El Mundial de Fútbol 2026, que se llevará a cabo en Estados Unidos, México y Canadá, podría establecer un récord lamentable como el evento deportivo más contaminante hasta la fecha. Según el New Weather Institute, las emisiones de dióxido de carbono (CO2) superarán los 9 millones de toneladas, impulsadas por la extensa logística del torneo.
Esta edición, que se efectuará del 11 de junio al 19 de julio de 2026, será la más grande hasta ahora, con 48 selecciones compitiendo en 104 partidos distribuidos en distintas zonas horarias. La expansión del evento agrava las preocupaciones sobre su impacto ambiental, especialmente en términos de calor extremo.

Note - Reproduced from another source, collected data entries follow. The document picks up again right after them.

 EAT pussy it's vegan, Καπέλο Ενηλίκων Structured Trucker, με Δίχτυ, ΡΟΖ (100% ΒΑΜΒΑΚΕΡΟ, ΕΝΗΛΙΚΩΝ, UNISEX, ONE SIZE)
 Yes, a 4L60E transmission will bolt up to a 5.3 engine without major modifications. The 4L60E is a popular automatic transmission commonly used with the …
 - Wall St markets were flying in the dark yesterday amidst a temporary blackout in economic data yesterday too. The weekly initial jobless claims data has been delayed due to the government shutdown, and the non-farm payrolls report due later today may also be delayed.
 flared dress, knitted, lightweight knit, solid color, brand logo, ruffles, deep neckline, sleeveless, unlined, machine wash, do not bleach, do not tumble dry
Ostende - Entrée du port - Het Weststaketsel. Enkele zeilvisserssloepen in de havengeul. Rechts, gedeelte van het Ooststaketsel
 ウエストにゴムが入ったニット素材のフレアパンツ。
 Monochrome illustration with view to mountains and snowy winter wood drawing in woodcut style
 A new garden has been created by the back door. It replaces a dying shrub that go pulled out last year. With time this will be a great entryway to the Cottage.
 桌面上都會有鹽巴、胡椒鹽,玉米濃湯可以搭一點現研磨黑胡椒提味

Con 16 ciudades anfitrionas en tres países, las distancias entre sedes, como los 5.600 kilómetros entre Vancouver y Miami, aumentan las emisiones de CO2. Las proyecciones indican que los vuelos podrían incrementar sus emisiones entre un 160% y 325% en comparación con Mundiales anteriores.

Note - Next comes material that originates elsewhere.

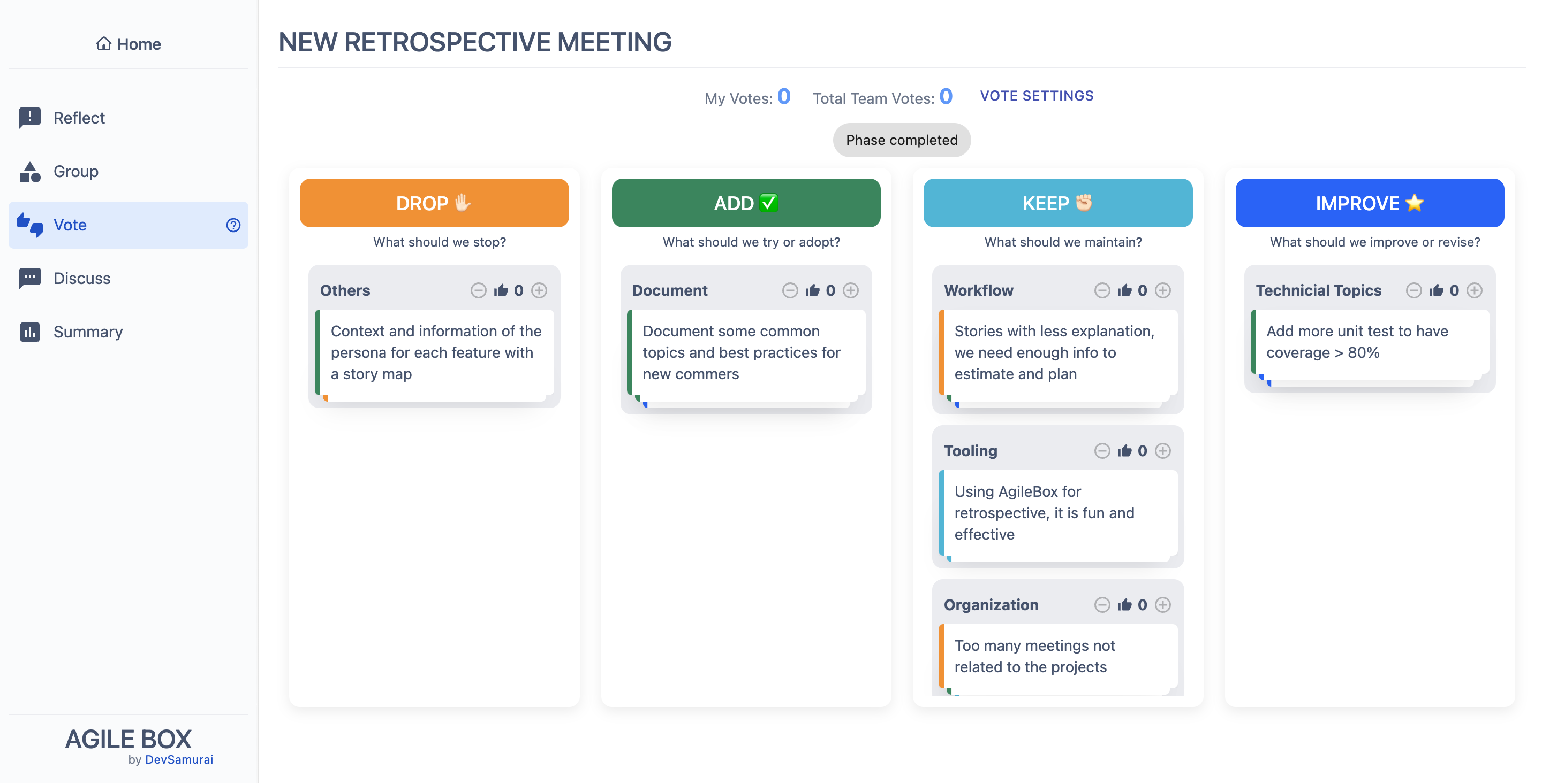 Nevertheless, if you sense that the current format is becoming repetitive and yielding similar outcomes each time, it might be beneficial to introduce some changes. In the current version of AgileBox, we have curated 8 retrospective templates and ideas specifically designed for agile sprints and projects. These resources can infuse your retrospective sessions with excitement and diversity, allowing you to explore new avenues and inject a sense of fun into the process!

La estructura del torneo plantea un desafío logístico y energético significativo, exacerbado por su duración y el número de equipos participantes. El aumento en servicios logísticos y digitales exigirá altos niveles de consumo energético, especialmente en retransmisiones y mantenimiento de infraestructuras.

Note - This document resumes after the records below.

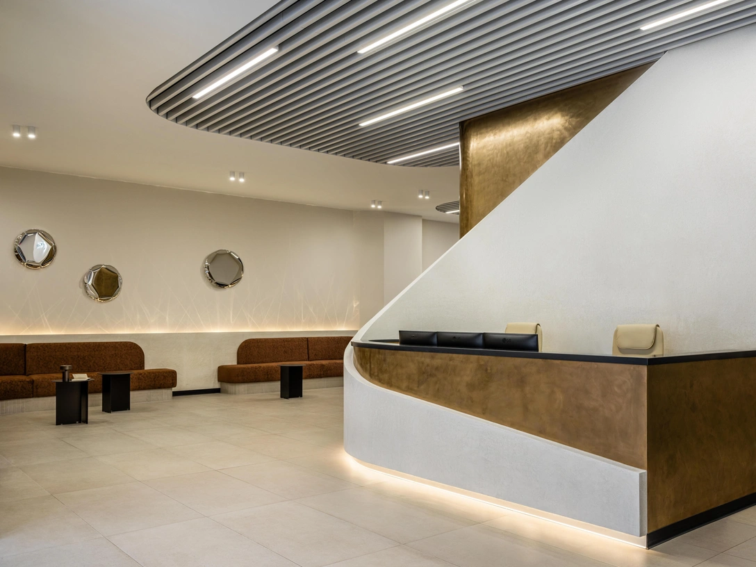Для этого мы просчитали все до миллиметра, особенно тщательно работали с пластикой ресепшена — стойку будто обнимает плавная ниспадающая линия. Это довольно сложный в исполнении элемент, но команда справилась отлично. Пропорции и высота мы выстраивали сначала с помощью макета из оргалита, потом — проекции на полу, а после создали шаблон из ГКЛ.
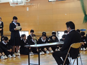 一つ一つの質問に丁寧に答えてくださる市長に対し、生徒たちも真剣に話を聞く
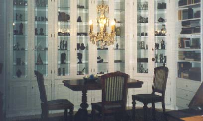 Vitrinenschrank hochglanz lackiert mit Rahmentüren und Facettglasfüllung · umlaufendes Kranzprofil
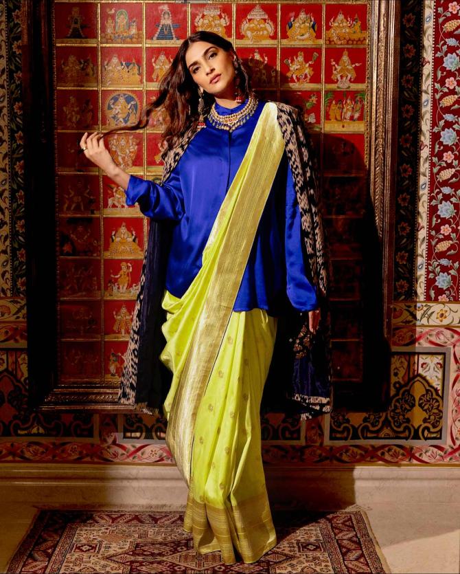 IMAGE: Sonam Kapoor bid adieu to the regular blouse and draped a lemon yellow silk sari with an oversized royal blue satin shirt and a printed shawl worn like a cape. The untucked, relaxed shirt is what made the fusion ensemble look unique. Photograph: Kind courtesy Sonam Kapoor/Instagram
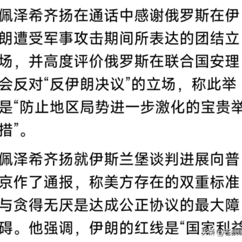 佩泽希皆扬在通话中,感谢俄在好意思以蹙迫伊朗手艺,对伊朗的强项支柱!向普京总统通报好意思伊道判情况,重申伊朗态度,驳诘好意思方双标与浩繁无涯。
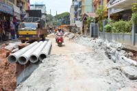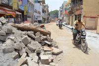 White topping road work at Cottonpet has been delayed and causing problems to the residents and the motorists at Cottonpet, in Bengaluru on Saturday 25th May 2019
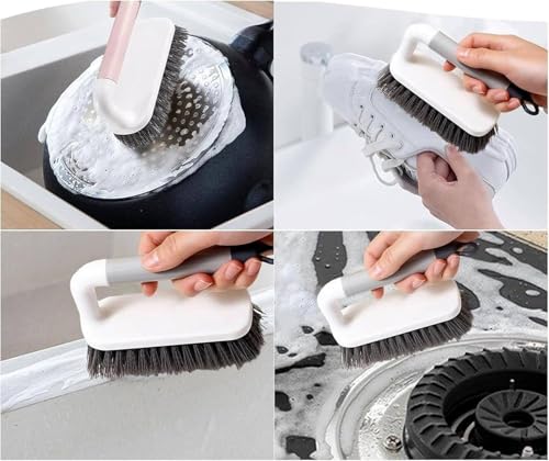 Generic - فرشاة تنظيف متعددة الاستخدامات، مقبض مريح رمادي، شعيرات سوداء قوية، أداة تنظيف منزلية
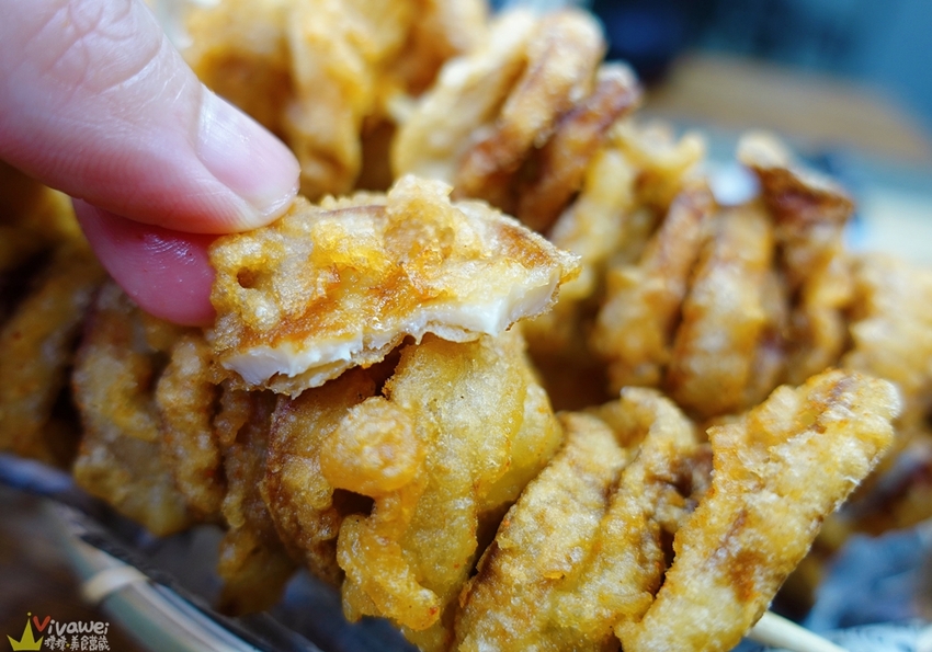 ▲杏鮑菇也是店家熱賣的品項!店家在清洗和切塊以後,會將杏鮑菇醃漬一段時間,接著經過靜置和密封一段時間以後,才會下鍋油炸!杏鮑菇口感很Q~也能吃到他食材本身的甜味!

El transporte aéreo de equipos, personal y aficionados será el principal contribuyente a la huella de carbono del evento. La enorme demanda de recursos tecnológicos y energéticos en las ciudades sedes se sumará a esta presión.
Mundial de fútbol 2026
El torneo no solo representa un reto ambiental, sino también un escenario para la implementación de tecnologías avanzadas. La FIFA desplegará herramientas de inteligencia artificial (IA) para mejorar la experiencia de los árbitros y la seguridad, mientras que los organizadores utilizarán IA en la gestión de infraestructuras.
Además de las preocupaciones por las emisiones, el estrés térmico en ciudades como Miami, Dallas, Houston y Monterrey representa una amenaza significativa. Estas condiciones han reavivado la discusión sobre la programación de eventos deportivos durante meses más templados o en horarios nocturnos.
Este Mundial no solo será un escaparate de innovación tecnológica, sino también un recordatorio de las contradicciones ambientales inherentes a los megaeventos.
La necesidad de replantear el modelo de estas competiciones se hace cada vez más evidente ante los desafíos climáticos, tecnológicos y económicos.